Exercise goal:
Please transcribe exactly the lines from the first line of the records below through the line containing "Hilda Hopkins is", including both, and omit all pictures.

=== Section Start ===

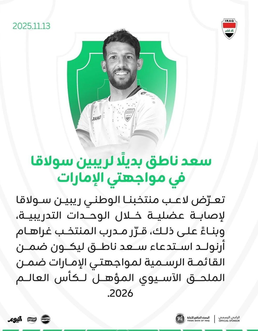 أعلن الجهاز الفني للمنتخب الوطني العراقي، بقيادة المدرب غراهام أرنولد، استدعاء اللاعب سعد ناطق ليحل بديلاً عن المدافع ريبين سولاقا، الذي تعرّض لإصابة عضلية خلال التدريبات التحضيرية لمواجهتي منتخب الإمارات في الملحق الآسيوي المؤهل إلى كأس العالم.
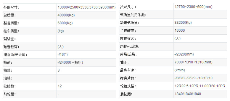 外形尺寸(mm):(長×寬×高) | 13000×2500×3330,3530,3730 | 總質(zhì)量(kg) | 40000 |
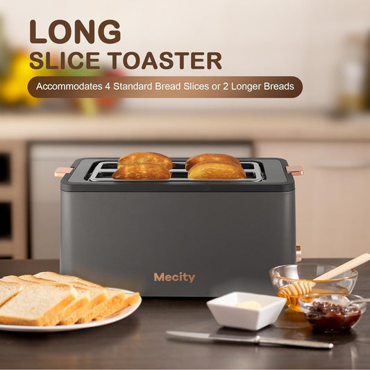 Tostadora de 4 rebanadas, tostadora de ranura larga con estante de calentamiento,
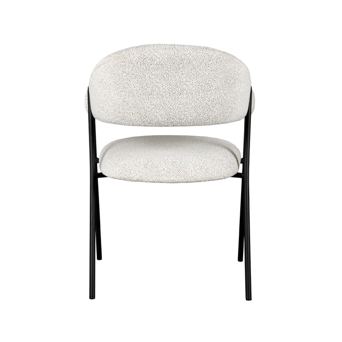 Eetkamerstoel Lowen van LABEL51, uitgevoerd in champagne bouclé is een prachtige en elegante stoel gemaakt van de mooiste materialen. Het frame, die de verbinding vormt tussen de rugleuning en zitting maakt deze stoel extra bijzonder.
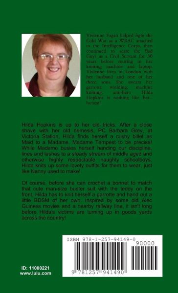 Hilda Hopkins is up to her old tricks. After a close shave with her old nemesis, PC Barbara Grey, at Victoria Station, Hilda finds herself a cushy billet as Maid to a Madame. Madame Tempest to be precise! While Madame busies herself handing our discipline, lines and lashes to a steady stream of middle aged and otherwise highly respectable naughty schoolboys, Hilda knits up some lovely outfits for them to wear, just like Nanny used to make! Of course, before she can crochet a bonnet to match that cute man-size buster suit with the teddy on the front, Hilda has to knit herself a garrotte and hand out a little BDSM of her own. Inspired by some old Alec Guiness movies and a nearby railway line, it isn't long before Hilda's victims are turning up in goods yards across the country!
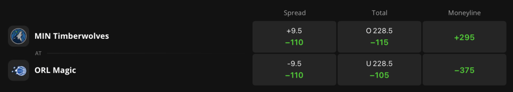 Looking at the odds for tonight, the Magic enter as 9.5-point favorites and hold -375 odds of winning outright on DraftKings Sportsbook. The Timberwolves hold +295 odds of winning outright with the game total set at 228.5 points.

=== Section End ===

Written answer:
 أعلن الجهاز الفني للمنتخب الوطني العراقي، بقيادة المدرب غراهام أرنولد، استدعاء اللاعب سعد ناطق ليحل بديلاً عن المدافع ريبين سولاقا، الذي تعرّض لإصابة عضلية خلال التدريبات التحضيرية لمواجهتي منتخب الإمارات في الملحق الآسيوي المؤهل إلى كأس العالم.
 外形尺寸(mm):(長×寬×高) | 13000×2500×3330,3530,3730 | 總質(zhì)量(kg) | 40000 |
 Tostadora de 4 rebanadas, tostadora de ranura larga con estante de calentamiento,
 Eetkamerstoel Lowen van LABEL51, uitgevoerd in champagne bouclé is een prachtige en elegante stoel gemaakt van de mooiste materialen. Het frame, die de verbinding vormt tussen de rugleuning en zitting maakt deze stoel extra bijzonder.
 Hilda Hopkins is up to her old tricks. After a close shave with her old nemesis, PC Barbara Grey, at Victoria Station, Hilda finds herself a cushy billet as Maid to a Madame. Madame Tempest to be precise! While Madame busies herself handing our discipline, lines and lashes to a steady stream of middle aged and otherwise highly respectable naughty schoolboys, Hilda knits up some lovely outfits for them to wear, just like Nanny used to make! Of course, before she can crochet a bonnet to match that cute man-size buster suit with the teddy on the front, Hilda has to knit herself a garrotte and hand out a little BDSM of her own. Inspired by some old Alec Guiness movies and a nearby railway line, it isn't long before Hilda's victims are turning up in goods yards across the country!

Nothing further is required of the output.